Peter Donaldson, in "Taking on Shakespeare: Kenneth Branagh's Henry V" [Shakespeare Quarterly 42, 1991] attributes the treatment of these characters in Branagh's film to his own Irish working-class background: "Branagh's Irish working-class identity shows through his stage English royal persona at strategic moments, giving depth to the king's identification with the common soldiers, lending credence to his claim to be a work-a-day, plain-style king" (68). Whatever the reasons for Branagh's rethinking these characters, the result of it skews Shakespeare's overall structuring of the play.
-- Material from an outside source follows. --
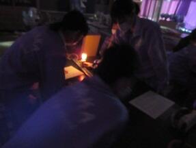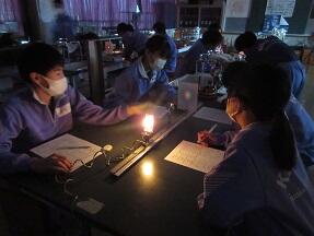 凸レンズを通ると光はどうなるかを確かめる実験を行っていました。どのグループも協力して実験を進めていました。
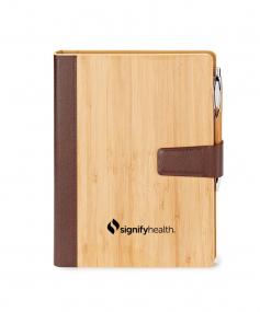 Bamboo and vinyl trim journal cover with vinyl lining, matching pen loop (pen not included) and a refillable spiral bound ECO journal containing 200 ivory lined pages. Bamboo is a natural fiber. 9 1/4" H x 7 1/16" W x 1 1/4" thick.

These characters no longer form a contrast to Henry and his loyal "band"; they actually belong to Henry's community, not only at the Battle of Agin-court, where Henry achieves communitas with his men, but throughout the film.

Notes

1 Hanging Bardolph directly before the eyes of the king is an idea borrowed from Adrian Noble's 1984 Stratford-upon-Avon production, in which Branagh also played Henry V.

2 Later, following the battle, other men and women are also seen pillaging the corpses, plainly diminishing the criminality of Nym's behavior.

3 In Olivier's Henry V, it is Fluellen who merely holds the body of the Boy in his arms. But Branagh may well have seen the extant publicity still photo showing Olivier's King Henry holding the Boy.